Exact copy, pictures excluded: please retype the lines from the start of the material through the line containing "Debris Flow on Mount Meeker", both ends included, and nothing more.

▶ _Provided records_:

***

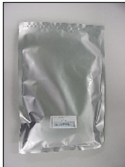
Inner Al bag purged with N2 gas

* Standard packaging: 25kgs Selenium granules in a 20-liter pail (Inner Al bag packaging shall be an option).
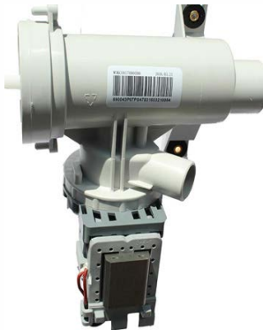
Drain Pump - CKP0226
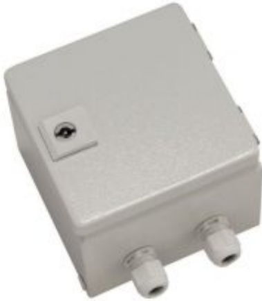
Electrical CO2 Release Panel RS08.011
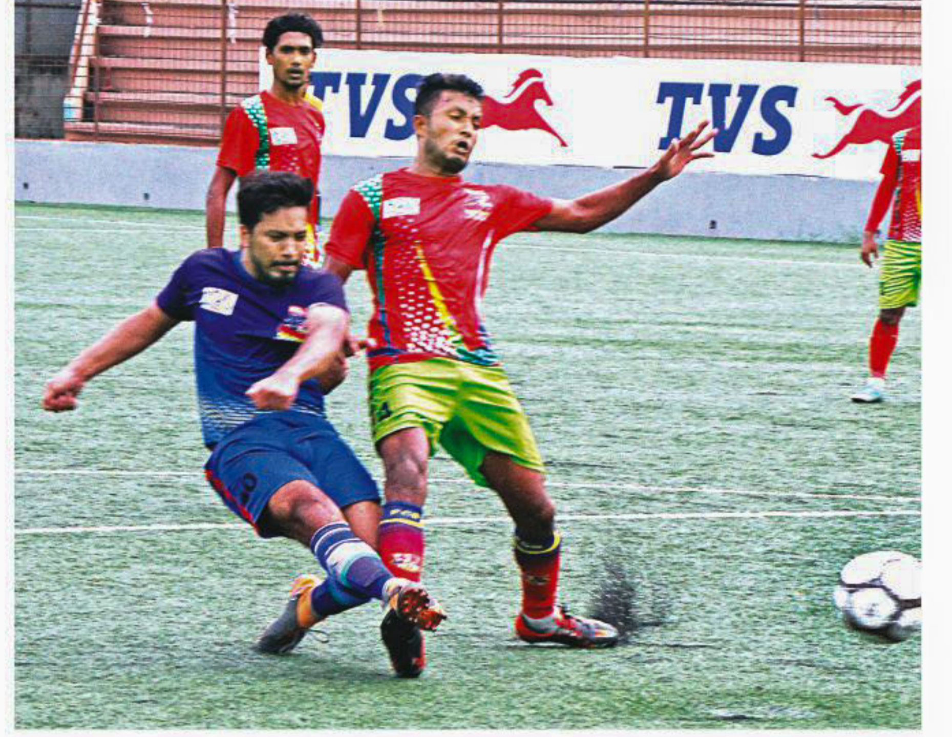
Independent University Bangladesh secured a 2-0 win over Shanto-Mariam University in their Faraaz Intervarsity Gold Cup encounter at the Bir Shrestha Shaheed Mustafa Kamal Stadium in Kamalapur yesterday.

will be a change," the sports daily quoted Hoeness as saying. "Before that happens we would prevent any of our players turning out for the national side." Along with Neuer, Bayern contributes several key players to the national squad with any boycott would deprive Low of defender Niklas Sule, midfielders Joshua Kimmich and Leon Goretzka as well as attacker Serge Gnabry. Low had promised to give Ter Stegen more playing time in 2019 but so far he has made just one appearance for Germany, a 45-minute cameo in a friendly against Serbia last March. Under FIFA rules, Bayern could face sanctions running from fines to exclusion from competitions for depriving the national team of players.
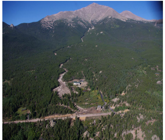
Debris Flow on Mount Meeker

Another notable factor from this storm and flood event is the number of debris flows recorded. Scientists define a debris flow as “a moving mass of loose mud, sand, soil, rock, water and air that travels down a slope under the influence of gravity. To be considered a debris flow, the moving material must be loose and capable of “flow,” and at least 50% of the material must be sand-size particles or larger.” Once scientists were able to get into helicopters and start looking at the Front Range, they recorded over 1,000 debris flows, some small and others huge. One of the larger flows occurred on Mount Meeker, located in Rocky Mountain National Park, with a straight-line length of 2.39 miles. Another large debris flow on West Twin Sister, also located in Rocky Mountain National Park, had an estimated straight-line length of 1.02 miles. A two meter (six feet) thick debris flow also covered the streets of Jamestown, while the building at 100 Arapaho Ave in Boulder was cut in half by a debris flow. Estimates of the rate some debris flows moved show boulders six feet in diameter moving at speeds of 20-30 miles per hour. Plotting these debris flows on a map shows south facing slopes along the Front Range were more susceptible to debris flows. This is not unusual, considering that south facing slopes tend to be warmer with less vegetation covering them and fewer roots to help stabilize the soil.
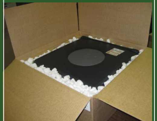
Boxed and padded computer
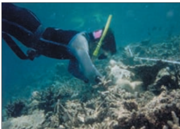
Figure 2. Coral reef monitoring in the Maldives.

In terms of live coral cover, the reefs of the Maldives are recovering at varying rates after the mass bleaching
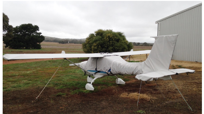
Jabiru 160 Canopy, Engine, Prop, Wings & Empennage Covers Jabiru 160 Canopy, Engine, Prop, Wings & Empennage Covers
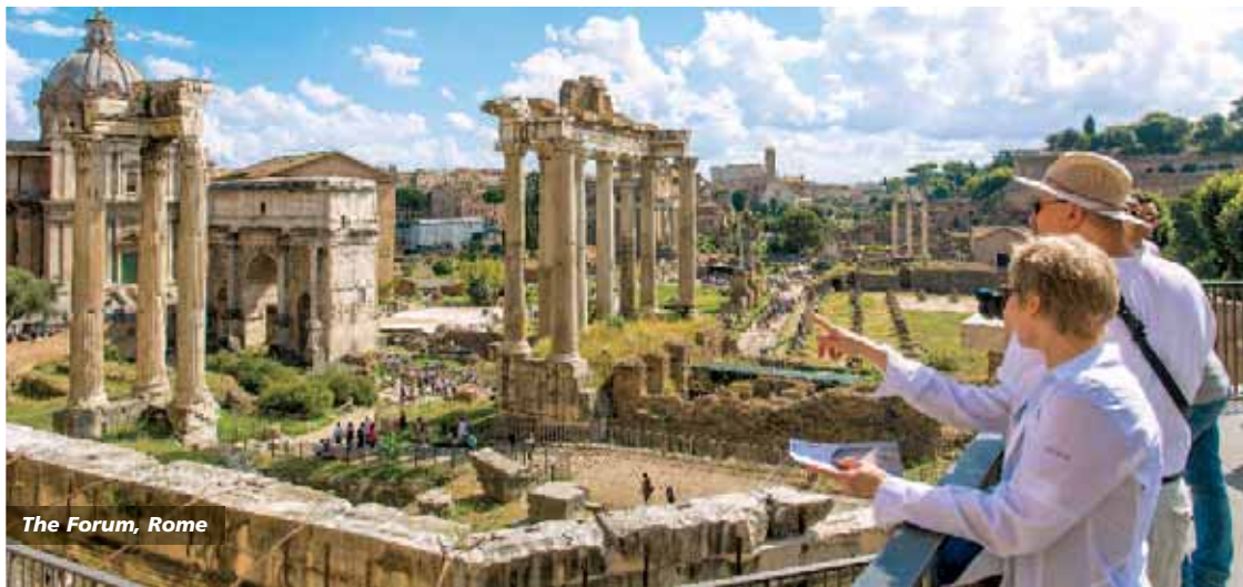
The Forum, Rome
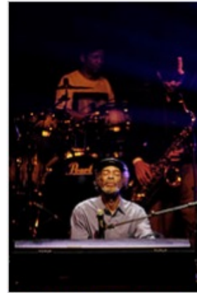
Scott-Heron performing at the Regency Ballroom in San Francisco, 2009

I remember checking on-line for Gil and discovered he had just been released from jail about a month prior. Later in April 2009 on the BBC, poet Lemn Sissay presented a half-hour documentary on Gil Scott-Heron entitled Pieces of a Man . Later he was back on the circuit, but it was not the same. His body and words carried the look and sound of beat down. I believe he summed it all up with his album Me And The Devil . There was no doubt a toll was taken, but in the spirit of survival, Gil kept going as best as he knew how.
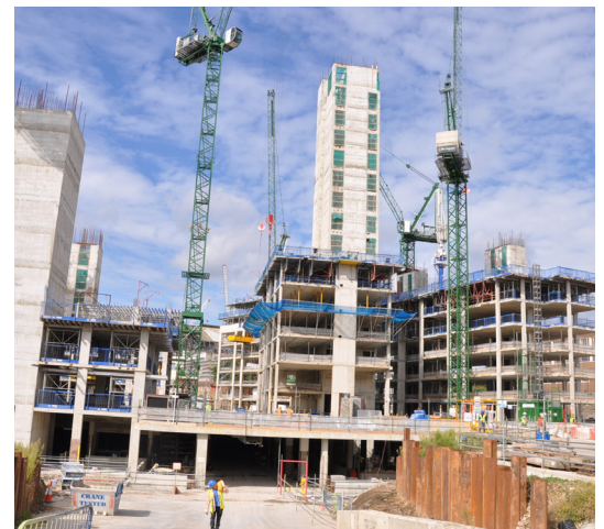
The development is one of the largest in London.

By working with Sir Robert McAlpine at the design stage it was possible to consider the lifetime performance of the structure as well as the cost in order to design and install thorough waterproofing protection.

***

▶ _Response_:
Inner Al bag purged with N2 gas

* Standard packaging: 25kgs Selenium granules in a 20-liter pail (Inner Al bag packaging shall be an option).
Drain Pump - CKP0226
Electrical CO2 Release Panel RS08.011
Independent University Bangladesh secured a 2-0 win over Shanto-Mariam University in their Faraaz Intervarsity Gold Cup encounter at the Bir Shrestha Shaheed Mustafa Kamal Stadium in Kamalapur yesterday.

will be a change," the sports daily quoted Hoeness as saying. "Before that happens we would prevent any of our players turning out for the national side." Along with Neuer, Bayern contributes several key players to the national squad with any boycott would deprive Low of defender Niklas Sule, midfielders Joshua Kimmich and Leon Goretzka as well as attacker Serge Gnabry. Low had promised to give Ter Stegen more playing time in 2019 but so far he has made just one appearance for Germany, a 45-minute cameo in a friendly against Serbia last March. Under FIFA rules, Bayern could face sanctions running from fines to exclusion from competitions for depriving the national team of players.
Debris Flow on Mount Meeker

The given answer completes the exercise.